In everyday conversation, the men I interviewed often did not make the distinction between “doing sex” for money and “doing sex”Footnote 12 for pleasure—instead, they discussed sex work as an extension of their sexual practice. Men still did pursue sex work for money—but in the most common narrative of paths into sex work, that they had first begun to have sex with men, and then had begun to get paid for it (see Lorway, Reza-Paul, and Pasha 2009).

Some of the interviewees in this group presented money as a secondary motivation for sex with other men. Gitesh exemplified this perspective. An NGO worker and member of the sex worker union, Gitesh was married to a woman, had two children, and described himself as a “doubledecker,” someone who was “on both sides at the same time.” He had a long-term male partner of twenty years, as well as an extended family life with his wife and children. Gitesh described his relationship to sex as entirely distinct from that of cisgender women in sex work: “They come for money,” he explained. “We come only for happiness (sukha).” Thus, when Gitesh described sexual encounters in which he was paid, the money seemed secondary:

I didn't want to take cash. I didn't have a reason to do sex for money. For them [partners], they get a kind of happiness (sukha), and for me, I get a kind of peace of mind (nemmadi), so why should I ask for money? I had the idea that [if I did] I’d become cheap. Even now, I feel shy about asking for money. I don't ask. If they want, they might buy me food, or if I like, I can also buy them food. But the one thing is, if we're going to drink, I don't give money. They have to pay for it. That costs a lot of money…If they didn't, I wouldn't ask. If they said they'd pay, I'd ask for that [alcohol]. But for money at least, I didn't ask. If they gave money on their own, I'd take it.

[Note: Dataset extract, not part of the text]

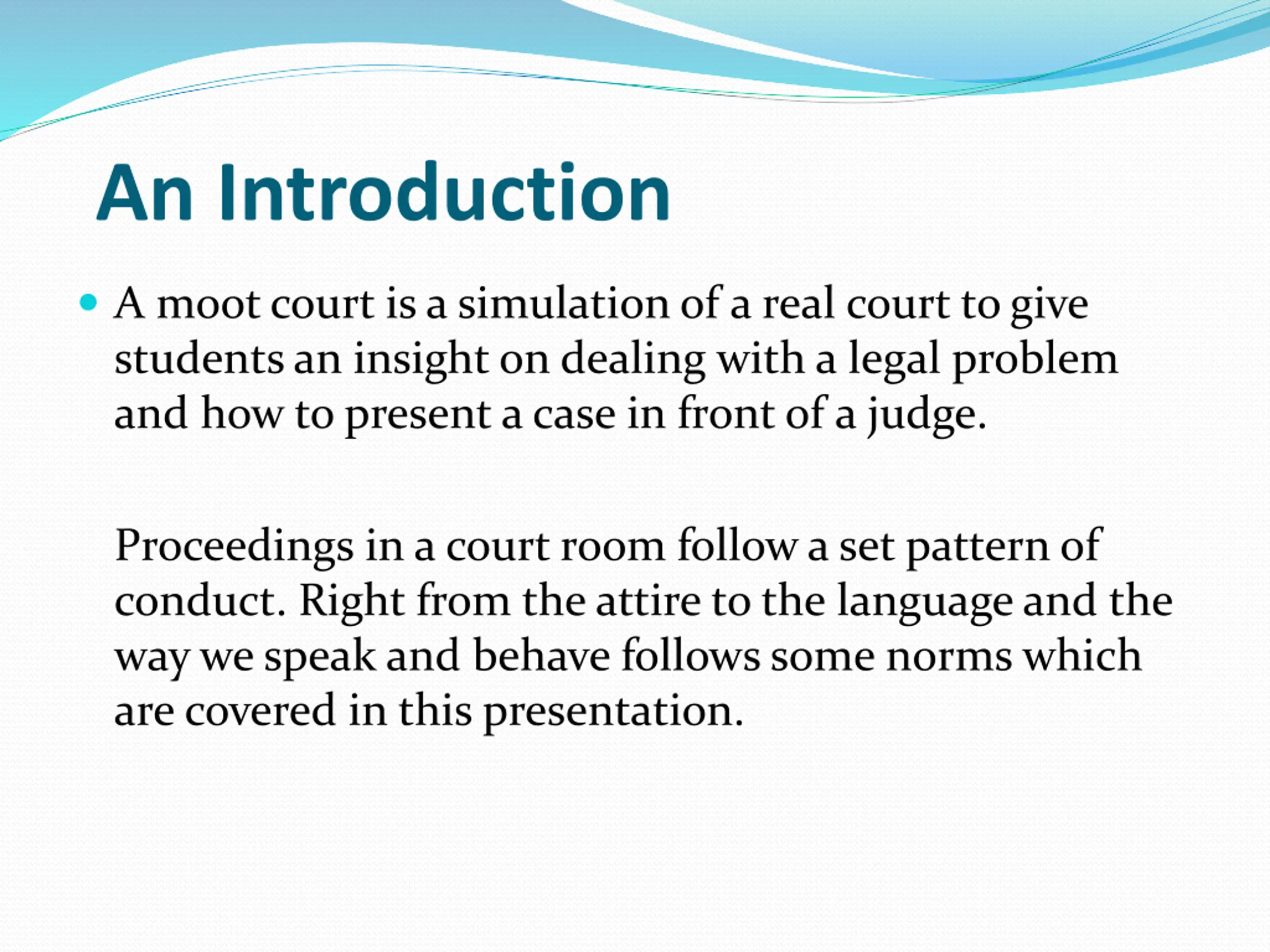 An Introduction A moot court is a simulation of a real court to give students an insight on dealing with a legal problem and how to present a case in front of a judge. Proceedings in a court room follow a set pattern of conduct. Right from the attire to the language and the way we speak and behave follows some norms which are covered in this presentation.

Here, Gitesh revealed a complex interplay between sex and payment. Food, a basic expense, could be paid for by either partner, but Gitesh would not pay for alcohol, a bigger expense. Gitesh initially described himself as seeking out only a kind of satisfaction from sex, but then revealed that he would take money, as long as it was given without him having to ask for it.

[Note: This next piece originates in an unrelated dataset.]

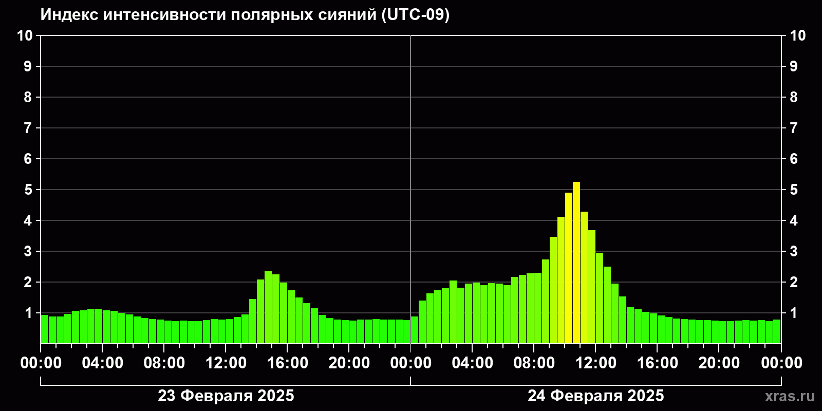 Изменения индекса интенсивности полярных сияний с 2025-02-23 по 2025-02-24 по местному времени
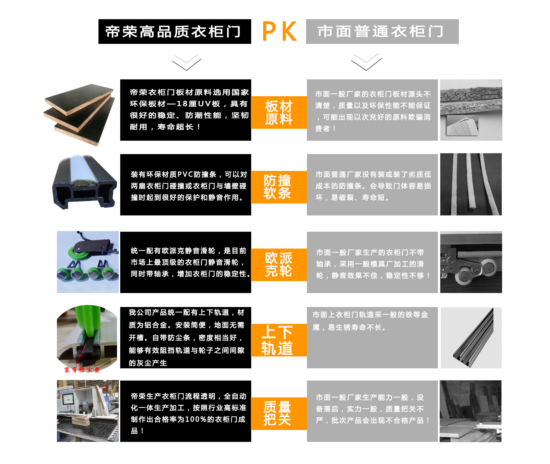 衣柜門供應(yīng)商的衣柜門制造為板材為中密板,表面平整度好,容易做造型。是一種無定型、無臭、無毒、高度透明的無色或微黃色塑性工程塑料、具有優(yōu)良的物理機(jī)械性能、尤其是耐沖擊性優(yōu)異、拉伸強(qiáng)度和耐低溫等等。通過以上兩點(diǎn)的介紹衣柜門供應(yīng)商的產(chǎn)品之后,相信大家對于烤漆和吸塑的區(qū)別有了一定的了解,各有各的千秋,所以在選的時(shí)候,并沒有哪個(gè)更好之說,都是根據(jù)自己愛好選擇就好。

Gitesh suggested that sometimes he would be paid and sometimes he would not be. For other interviewees, money was more of a primary goal, but it was still intertwined with sexual practice. Puneet was the son of a vegetable seller and a security guard, and now supported his family with 5000 Rupee ($74) a month from sex work, even paying partly for his sisters’ wedding ceremonies. He began sex work when a friend suggested that rather than “going for free,” he should “take money.” He noted, “I don’t say I’m a sex worker first. First, I say I’m gay. Then we chat, and then I say I charge for sex.” Puneet’s interactions with sexual partners occurred initially in the context of setting up a sexual relationship, not a monetary exchange. What was important, Puneet explained, was to establish that he was gay. Though he solicited partners more systematically than Gitesh, and it formed more of his regular income, it was important for Puneet not to position his encounters initially as motivated by money. Indeed, he told me over and over how much he enjoyed doing sex work on its own terms.

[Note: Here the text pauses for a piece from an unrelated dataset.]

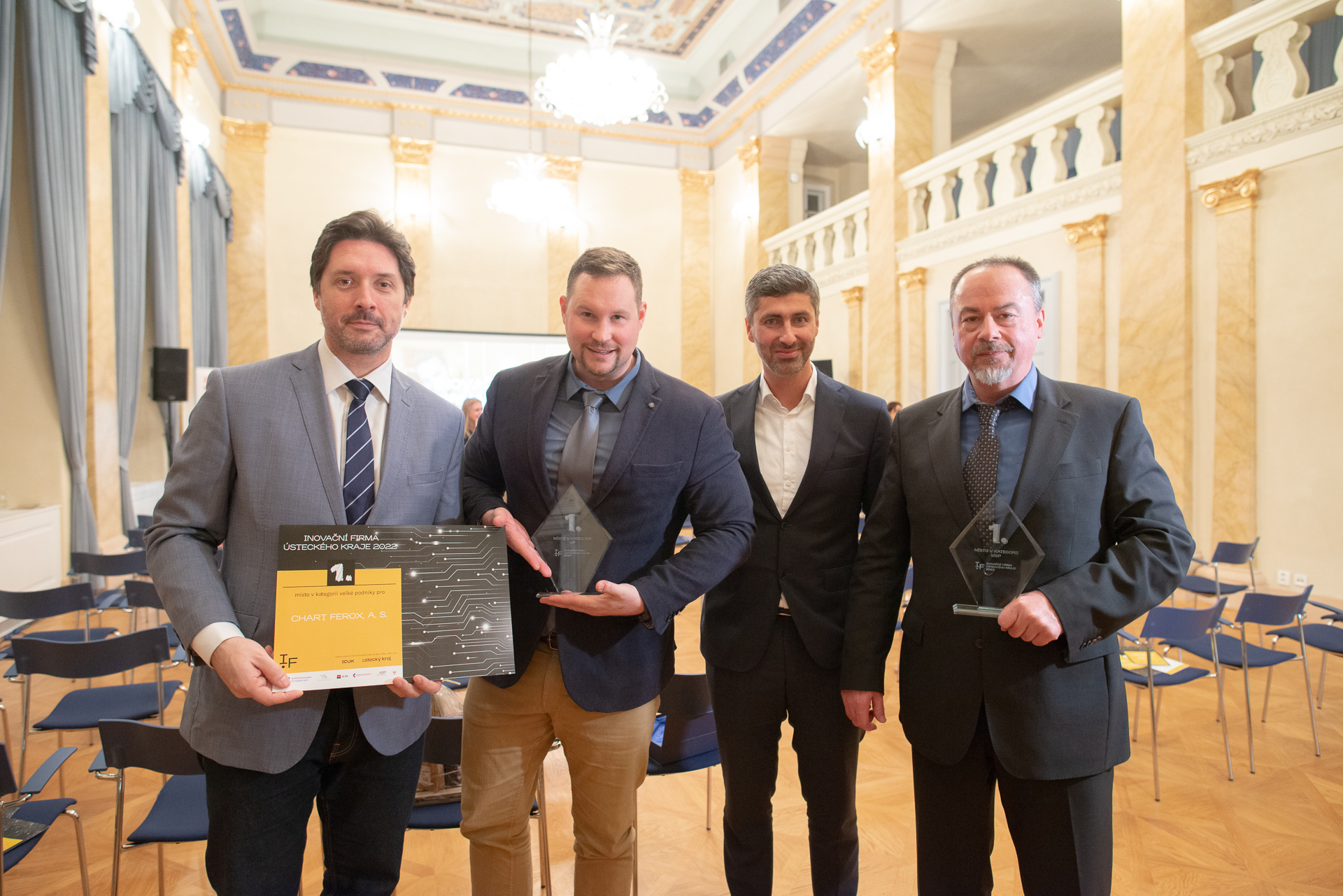 Vítězné firmy si odnesly šek v hodnotě 50 tisíc korun na jejich další inovace, skleněnou pamětní plaketu a také získaly možnost používat logo Inovační firma Ústeckého kraje za rok 2022.

For many of the men interviewees, describing the path to sex work was intertwined with describing a path to sexual identity. Nagaraj, for example, explained that, as a young teenager, “My character was changing, kind of. I am a boy, but I have a female feeling (bhavane).” A friend who sat next to him in school told him about “male sex male,” and paid him 100 rupees for sex. “When he gave [the money], I felt I should continue. I wanted to become a sex worker.” These changes happened during a difficult time in his life; he had been sent to live with an abusive uncle and was struggling financially. Beginning with his early sexual relationships, money was a prominent element.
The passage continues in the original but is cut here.